Instructions for the task:
Repeat each line of the data below exactly, but skip the pictures.

Given data:

'''

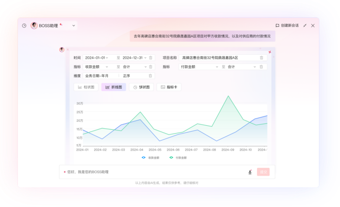 在具體應(yīng)用中,BOSS助理可快速鎖定數(shù)據(jù),例如查詢“張偉昨天提交的審批”,AI通過意圖識(shí)別下發(fā)指令,系統(tǒng)在判斷權(quán)限后返回列表,精準(zhǔn)調(diào)取對(duì)應(yīng)審批,實(shí)現(xiàn)急事優(yōu)先快速處理。此外,它還能響應(yīng)諸如“查看高碑店項(xiàng)目各供應(yīng)商支付情況”的復(fù)雜查詢,直接呈現(xiàn)合同金額、結(jié)算金額、支付金額等關(guān)鍵指標(biāo),幫助管理者快速發(fā)現(xiàn)異常并追溯源頭。
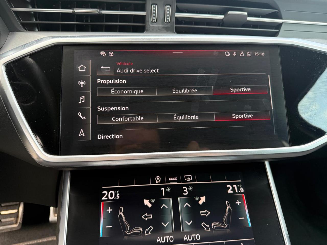 horizontal et vertical Appuie-tête pour sièges avant réglables manuellement en hauteur Audi connect avec carte SIM intégrée (e-SIM) et licence d'utilisation pour 3 ans Audi Drive Select Audi music interface (avant et arrière) Audi Parking System Plus Audi Phone Box Audi pre sense basic Audi pre sense front Audi smartphone interface Audi virtual cockpit plus Avertisseur de franchissement de ligne Badges extérieurs avec identification du modèle Bang & Olufsen Premium Sound System avec son 3D Banquette arrière 3 places "40/20/40" Boîtiers de rétroviseurs extérieurs style aluminium Buses de lave-glace chauffantes Caméra de recul Caméra multifonction pour système d'assistance à la conduite Châssis Sport S avec amortissement piloté Ciel de pavillon en tissu noir Clé confort incluant déverrouillage du coffre par capteur Climatisation automatique 4 zones Colonne de direction réglable manuellement en hauteur et en longueur Commande de désactivation de l'airbag passager à l'AV Design extérieur "S" avec pare-chocs avant/arrière
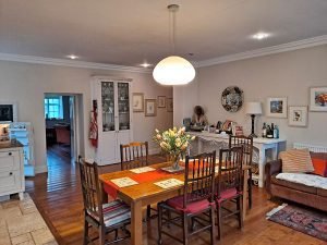 We have five rooms with double beds, accommodating up to five couples plus one room with three single beds. As this is a Georgian Farmhouse not all bathrooms have private bathrooms
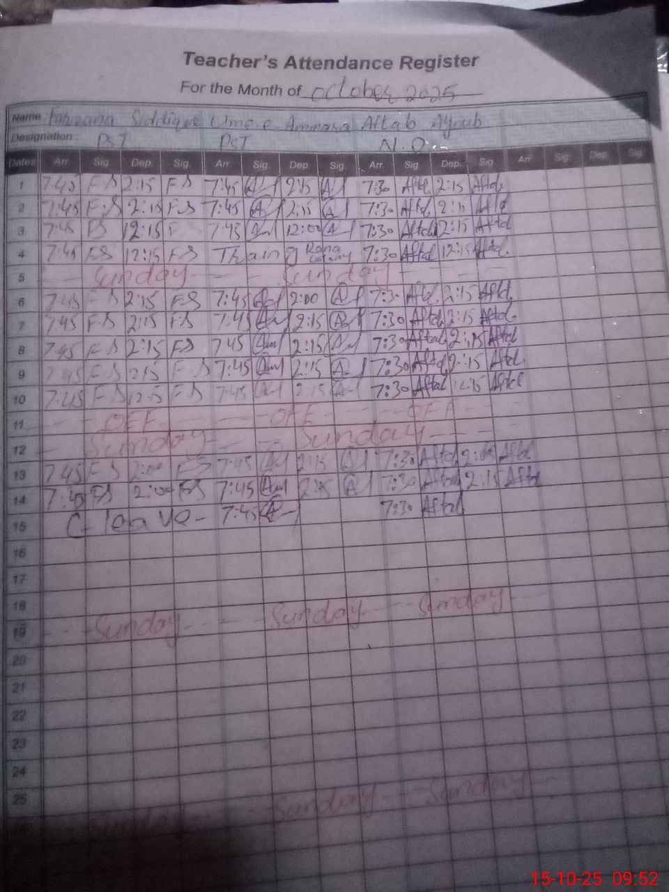 | 34**** | Fa**** Sa**** | PST | Regular | 0 | 0 | 0 | 0 | 0 | 0 | 0 | 0 | 0 | Casual |

'''

Expected answer:
 在具體應(yīng)用中,BOSS助理可快速鎖定數(shù)據(jù),例如查詢“張偉昨天提交的審批”,AI通過意圖識(shí)別下發(fā)指令,系統(tǒng)在判斷權(quán)限后返回列表,精準(zhǔn)調(diào)取對(duì)應(yīng)審批,實(shí)現(xiàn)急事優(yōu)先快速處理。此外,它還能響應(yīng)諸如“查看高碑店項(xiàng)目各供應(yīng)商支付情況”的復(fù)雜查詢,直接呈現(xiàn)合同金額、結(jié)算金額、支付金額等關(guān)鍵指標(biāo),幫助管理者快速發(fā)現(xiàn)異常并追溯源頭。
 horizontal et vertical Appuie-tête pour sièges avant réglables manuellement en hauteur Audi connect avec carte SIM intégrée (e-SIM) et licence d'utilisation pour 3 ans Audi Drive Select Audi music interface (avant et arrière) Audi Parking System Plus Audi Phone Box Audi pre sense basic Audi pre sense front Audi smartphone interface Audi virtual cockpit plus Avertisseur de franchissement de ligne Badges extérieurs avec identification du modèle Bang & Olufsen Premium Sound System avec son 3D Banquette arrière 3 places "40/20/40" Boîtiers de rétroviseurs extérieurs style aluminium Buses de lave-glace chauffantes Caméra de recul Caméra multifonction pour système d'assistance à la conduite Châssis Sport S avec amortissement piloté Ciel de pavillon en tissu noir Clé confort incluant déverrouillage du coffre par capteur Climatisation automatique 4 zones Colonne de direction réglable manuellement en hauteur et en longueur Commande de désactivation de l'airbag passager à l'AV Design extérieur "S" avec pare-chocs avant/arrière
 We have five rooms with double beds, accommodating up to five couples plus one room with three single beds. As this is a Georgian Farmhouse not all bathrooms have private bathrooms
 | 34**** | Fa**** Sa**** | PST | Regular | 0 | 0 | 0 | 0 | 0 | 0 | 0 | 0 | 0 | Casual |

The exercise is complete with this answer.